Converge Faster, Talk Less: Hessian-Informed Federated Zeroth-Order Optimization

ICLR 2026 Conference SubmissionAnonymous Authors

OpenReview Score: 5.6 Download Report PDF

Zeroth-Order OptimizationFederated OptimizationHessian

Zeroth-order (ZO) optimization enables dimension-free communication in federated learning (FL), making it attractive for fine-tuning of large language models (LLMs) due to significant communication savings. However, existing ZO-FL methods largely overlook curvature information, despite its well-established benefits for convergence acceleration.
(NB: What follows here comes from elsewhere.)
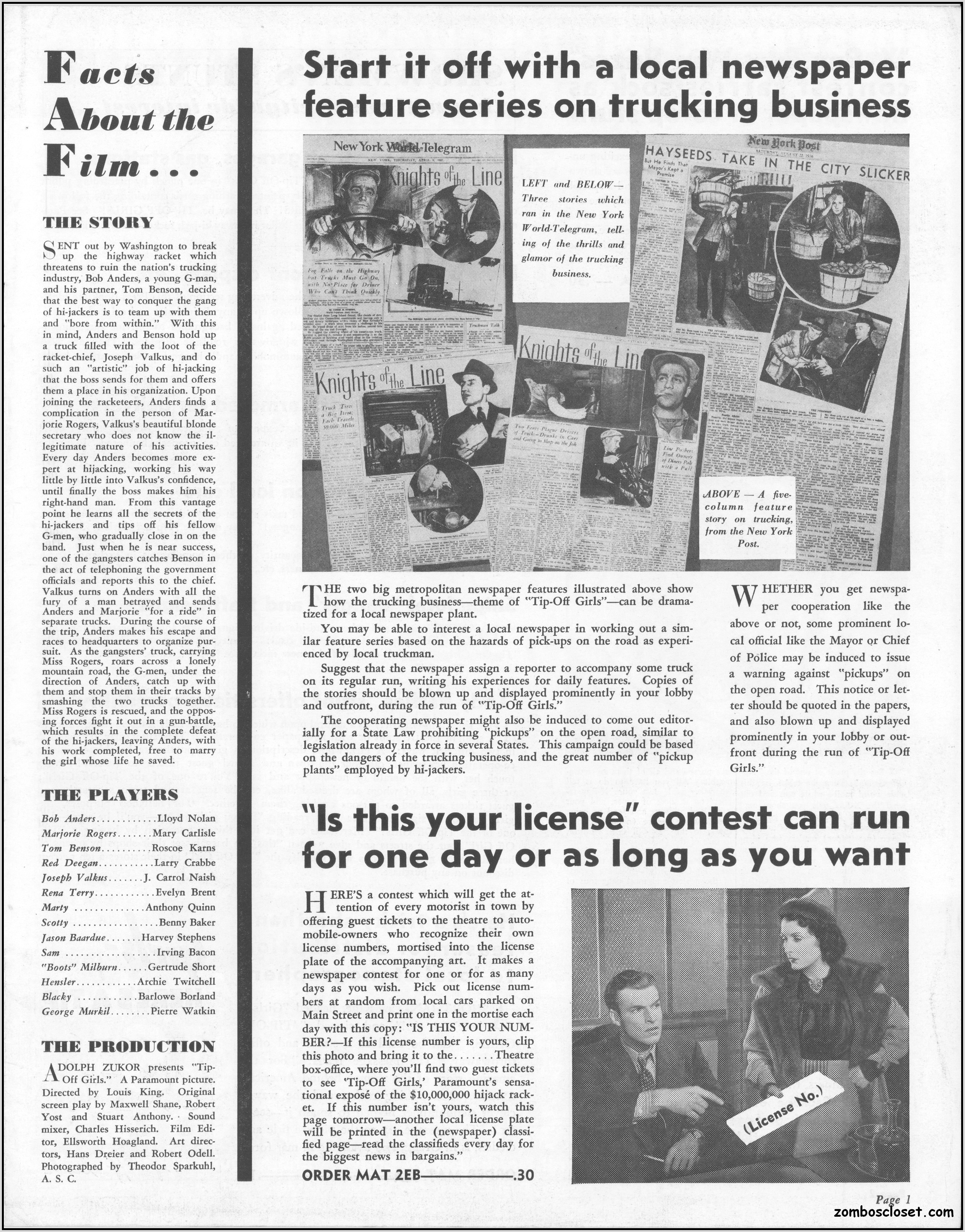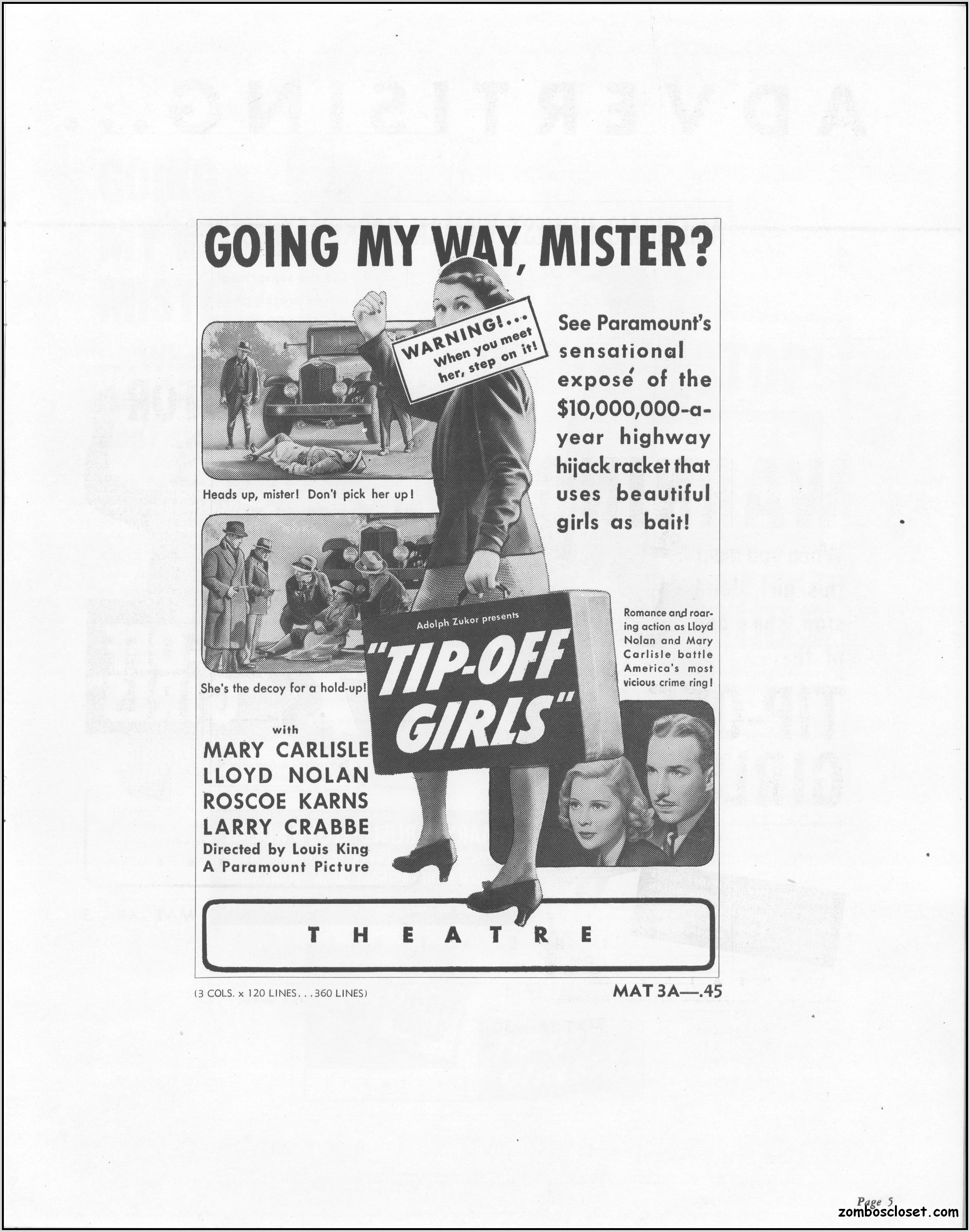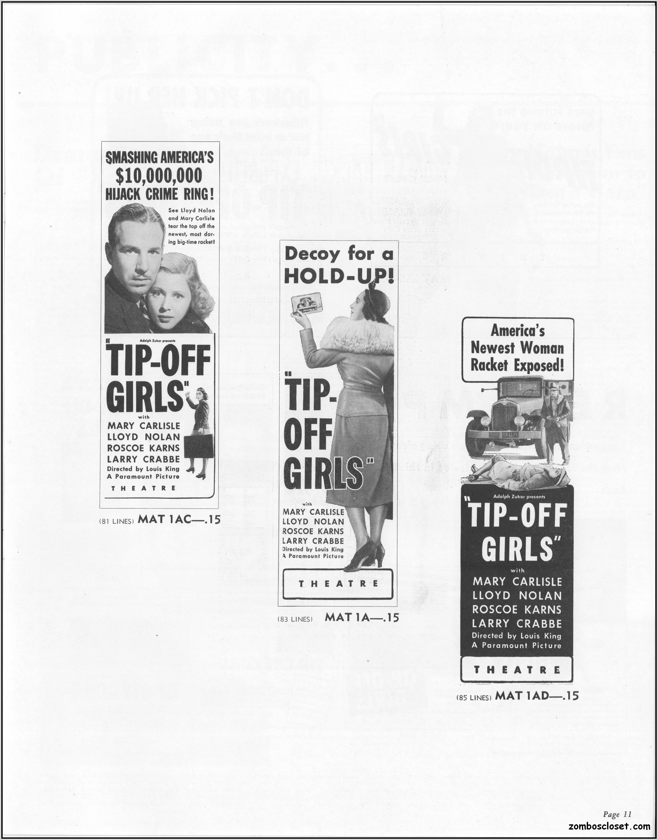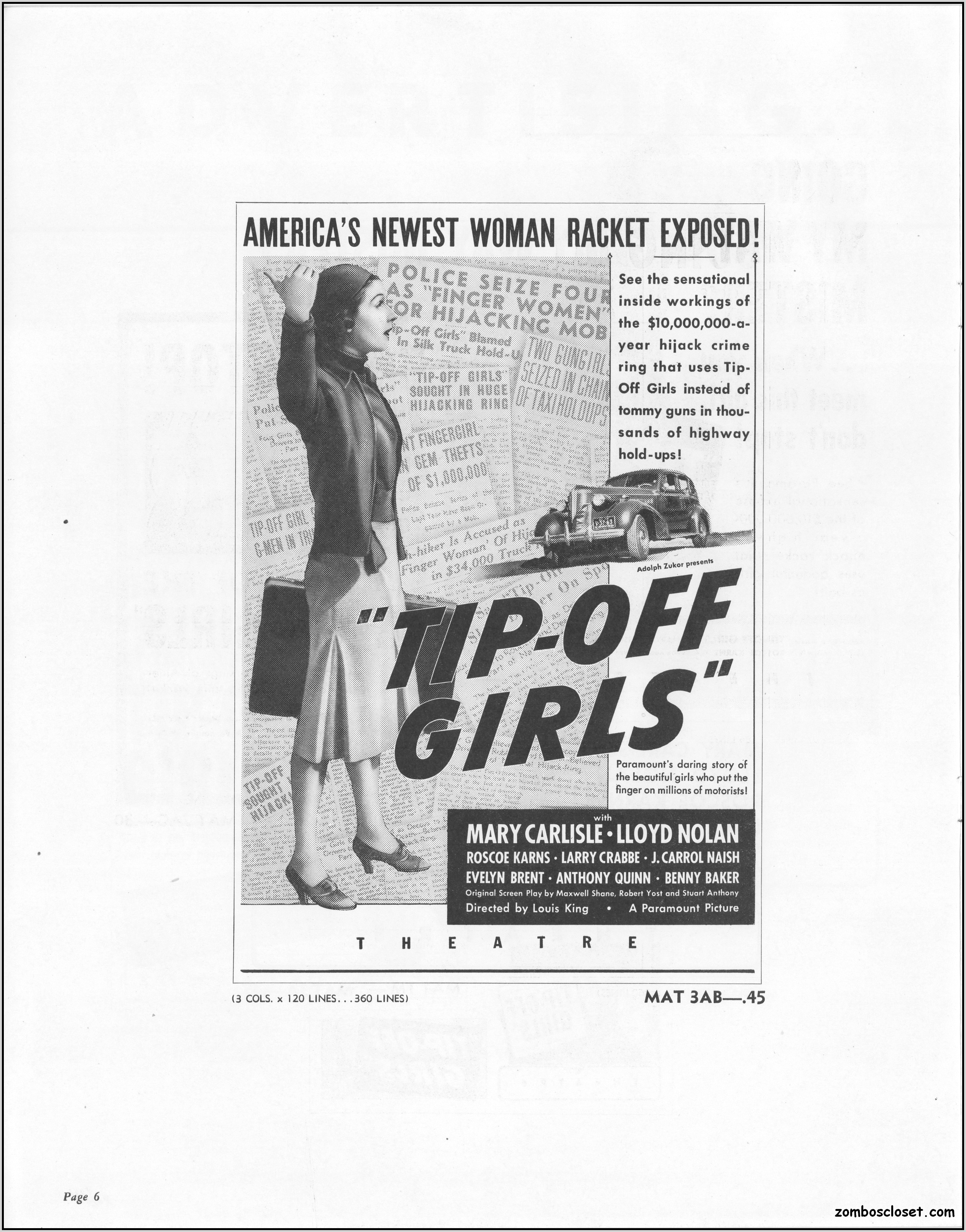 One does not live by horror movies alone. Sometimes a good crime melodrama, noir, western, fantasy, science fiction, guy movie, girl movie, kid movie, or documentary will do. This time around it's crime! The reason I found this pressbook so interesting was its use of pink and blue tones, and the fact that I like crime movies from the 1930s to 1950s. This one boasts a good cast with Larry "Buster" Crabbe, Anthony Quinn, Lloyd Nolan, Evelyn Brent, Mary Carlisle, and J. Carol Naish. The premise is bad girls helping rob trucks of their cargo. Shame on them!

To address this, we propose HiSo, a Hessian-informed ZO federated optimization method that accelerates convergence by leveraging global diagonal Hessian approximations, while strictly preserving scalar-only communication without transmitting any second-order information. Theoretically, for non-convex functions, we show that HiSo can achieve an accelerated convergence rate that is independent of the Lipschitz constant $L$ and model dimension $d$ under some Hessian approximation assumptions, offering a plausible explanation for the observed phenomenon of ZO convergence being much faster than its worst-case $O(d)$ -bound. Empirically, across diverse LLM fine-tuning benchmarks, HiSo delivers a 1 $\sim$ 5× speedup in communication rounds over existing state-of-the-art ZO-FL baselines. This superior convergence not only cuts communication costs but also provides strong empirical evidence that Hessian information acts as an effective accelerator in federated ZO optimization settings.

Abstract:

Disclaimer

This report is AI-GENERATED using Large Language Models and WisPaper (A scholar search engine). It analyzes academic papers' tasks and contributions against retrieved prior work. While this system identifies POTENTIAL overlaps and novel directions, ITS COVERAGE IS NOT EXHAUSTIVE AND JUDGMENTS ARE APPROXIMATE. These results are intended to assist human reviewers and SHOULD NOT be relied upon as a definitive verdict on novelty.

NOTE that some papers exist in multiple, slightly different versions (e.g., with different titles or URLs). The system may retrieve several versions of the same underlying work. The current automated pipeline does not reliably align or distinguish these cases, so human reviewers will need to disambiguate them manually.

If you have any questions, please contact: mingzhang23@m.fudan.edu.cn

Overview

Overall Novelty Assessment

The paper proposes HiSo, a federated zeroth-order optimization method that leverages diagonal Hessian approximations to accelerate convergence while maintaining scalar-only communication. It occupies the 'Scalar-Only Communication Frameworks with Hessian Acceleration' leaf, which contains only three papers including this work. This represents a sparse research direction within the broader taxonomy of 23 papers, suggesting the intersection of dimension-free communication and Hessian-informed federated zeroth-order methods remains relatively unexplored compared to adjacent areas like centralized Hessian-aware methods or distributed consensus algorithms.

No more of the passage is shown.